The Company has already paid US$ 30,000 during 2012 and according to the amendment in the contract, it will now have the full year of 2013 to explore the project prior to the next payment. There is a commitment to expend at least US$ 100,000 for exploration during the first half of 2013 and the same value in the second half of the year and 2014 and 2015 to complete the exploration works.

According to the agreement, Lion Gold Brazil has the right to acquire 100% of the Heitorai Gold Project; it will acquire 51% by paying US$ 650,000 to the Vendor and spending a minimum of US$ 1 million in exploration over a three year period, and it can acquire an additional 24% equity by investing an additional US$ 1 million in exploration, prepare a pre-feasibility study, and the payment of US$ 2/oz premium to the Vendor based on the measured and indicated resources defined in the pre-feasibility study by the end of fourth year (2016); the remaining 25% can be acquired by paying the Vendor 5% of the value of the ounces defined as measured and indicated gold reserves in the pre-feasibility study limited to a minimum value of US$ 10 million.

Lion Gold may withdraw from the option arrangement at any time if, at its sole discretion, it decides that the project does not meet its financial objectives.

It is very important to note that the Heitorai Gold Project was previously explored by a major Australian mining company from 1985 to 1986 when gold prices were at $360 per ounce. Gold mineralization at Heitorai property was discovered during a regional stream sediment program and was delineated by soil sampling and RC (Reverse Circulation) drill holes (38 holes in 1,895 m). The program outlined a northwest trending gold-in-soil anomaly that is over 8,000 m in length. Short RC holes tested 1,000 m of this strike length to a depth of approximately 80 m; the mineralized zone varies from 1 to 4 meters thick and is open in all directions.

Gold mineralization is associated with sericite-silica-sulphide altered granitic Rocks, apparently shear controlled, splaying from a major low angle thrust regional fault. Gold mineralization above 0.30 gram/ton was intersected in 20 RC drill holes, with values ranging from 0.30 g/t to 3.82 g/t. The concession was allowed to expire by the major Australian mining company because of depressed gold prices at the time. The best concession (1,948 hectares) covering the Heitorai gold-in soil anomaly, where a gold deposit might be delineated, was subsequently pegged by Los Andes and acquired by Lion Gold Brazil in 2012.

The company intends to explore the entire 8,000 m gold-in-soil anomaly for a shallow gold mineralization in the oxide horizon amenable for immediate mining and for the blind flat lying mother lode, re-establishing the soil grid and infill sampling; also carrying on a follow up drilling (diamond drilling) of the shallow and high grade intersection of the historic drill holes such as the CRC-17 with 1 m @ 1.50 g/t, CRC-22 with 1m @ 3.82 g/t and the CRC-32 with 1 m @ 2.05 g/t, and conducting a ground geophysical (Induced Polarization) program across the zone with gold-in soil anomaly to inspect for blind lode.

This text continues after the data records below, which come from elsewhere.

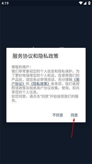 1、打开骑行世界软件,看到服务协议和隐私政策弹窗,阅读相关内容后,点击弹窗右下角的同意按钮。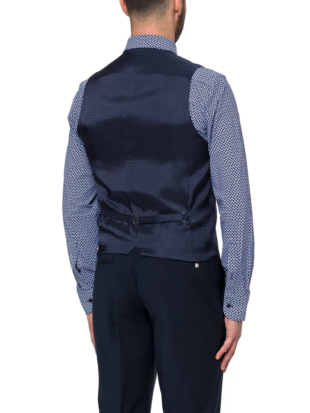 A navy blue vest with a v-neck and a button-up front. The vest has a smooth finish and a tailored fit, designed to be worn over a patterned shirt.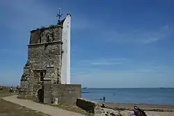 The original church of St. Helens was in a bad state as far back as the 16th century, according to the presentment of George Oglander, the centoner of St. Helens.[3] By the 18th century it had become so ruinous that a new church was built and the old church allowed to go to ruin. The tower, a 13th-century structure, was the only part left standing, and can still be seen today. The garden at the rear of the old Church tower was the parish burial ground from the time of the first church until the 18th century.[2] The tower was bricked up and painted white as a seamark for Navy ships in 1719.[1]
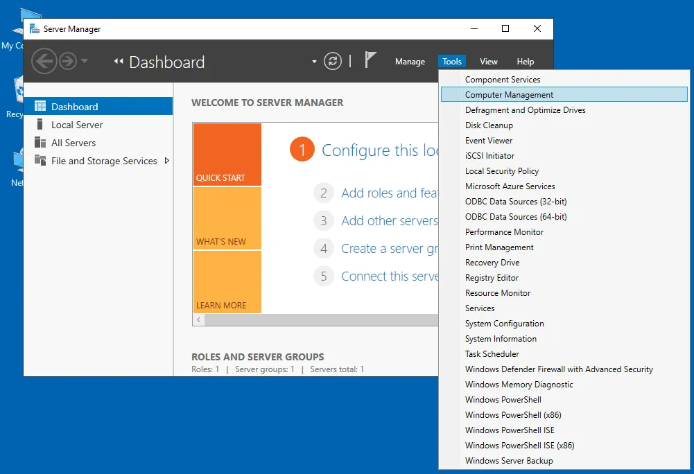 Abra la ventana de Computer Management, a la que puede acceder yendo a Server Manager > Tools > Computer Management. También puede ejecutar el comando compmgmt.msc en CMD.

The Heitorai gold project is located in the Goias State, Central Brazil; the region benefits from excellent infrastructure including paved road access, low cost electrical power and the availability of a local skilled workforce.

Mr. Abergel, CEO of Lion Gold, has commented “This agreement has given us the required time to raise the initial funds to start up the exploration activities in this exciting project which has the potential to add anywhere from 200,000 to 700,000 ounces in gold reserve to the company’s inventory and provide a shallow gold mineralization program ready and available to be mined as early as possible at no more than 12 months from plant funding”.

About Lion Gold Brazil Inc.

Lion Gold Brazil is a USA-based public company with focus on the acquisition, exploration, development and mining of gold properties located in northern and central Brazil. The Company has the option on 3 projects, 2 of them in the prolific Tapajós Mineral Province and one project in the Central Brazil; it intends to start production early in the exploration phase by defining shallow gold mineralization in the oxide horizon and in the alluvials.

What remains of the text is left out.